How to work with startups

7 ways to engage the startup community

When I was a venture capital partner, it was fascinating to see how many startup founders were sitting in large enterprises and had great ideas, but were perhaps afraid to take them to management.

Sounds like somebody else’s company doesn’t it? This is what happens in an organisation – possibly even yours – where there is a rejection of new ideas. The paradox is there is increasing pressure for businesses to digitally transform.

To make this change from the inside-out is, and always will be, both complex and difficult. The alternative for the CIO is to find ways to partner with the external ecosystem and bring innovation into your enterprise.

If we can also tap into the innovation that flows naturally within the company that would actually be a very good thing. We often find that the business-as-usual team struggles to keep up with the demands of various internal stakeholders for change.

As the CIO, your job is to ensure that these needs are met with disenfranchising your own team.

Here are my 7 tips to innovate and work with startups.

1. Start with an innovation self-diagnosis

This might seem to be bad advice but you do have to reflect on where the enterprise is weak and what domains need to be enhanced. Let’s remember this is all about ‘what’ not ‘how’. Start this by doing some analysis where the key pain points are in the current business processes.

Trey Zagante runs an ‘innovation diagnois’ for his company, Venturetec. The real advantage of an independent analysis is that this also allows you to take a more holistic perspective of the problem.

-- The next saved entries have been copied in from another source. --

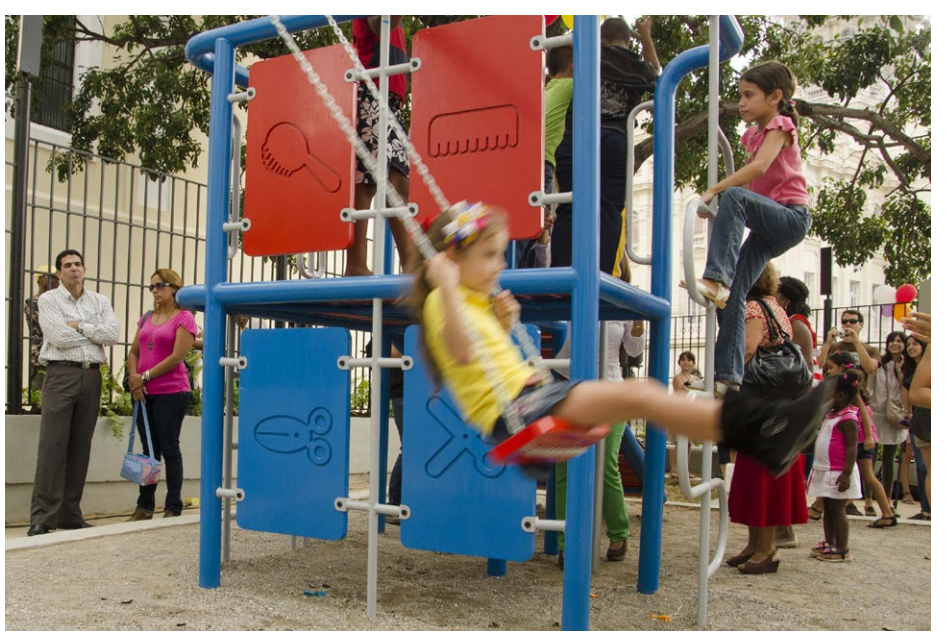
"You can't just restore the buildings and not also invest in the people".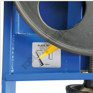
Blade Tension Sight Indicator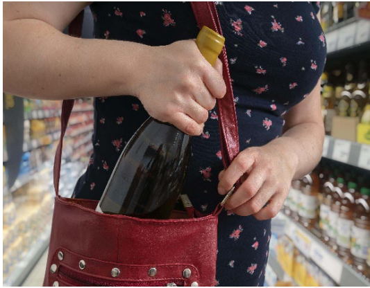
Figure 26: The number of shoplifting offences has risen above 400,000 for the first time since current records began.

The British Retail Consortium's Retail Crime Survey 2022-2023 highlights that the cost of retail theft doubled to £1.8 billion, with upwards of 45,000 incidents occurring each day. Violence and abuse against retail workers has soared by 50%. The number of incidents rose to 1,300 per day during the survey period from almost 870 per day the year before. According to the BRC, this is now "a crisis that demands action".

Your alternative is to ask a few new starters to the enterprise to conduct this exercise for you. Again, the danger is that the reactions from other peers to them may be destructive for their own careers.

2. Decide how you want to engage the ecosystem

There are many options of how you can see to bring innovation into your enterprise – think incubators, accelerators, mentoring, and investment funds.

These can be tackled in a logical sequence, depending on your own company status and how aggressive you would like to make progress.

I used to take startups into large corporations like CBA, IAG and Allianz. These startups would be introduced to the board or work with innovation teams inside these organisations.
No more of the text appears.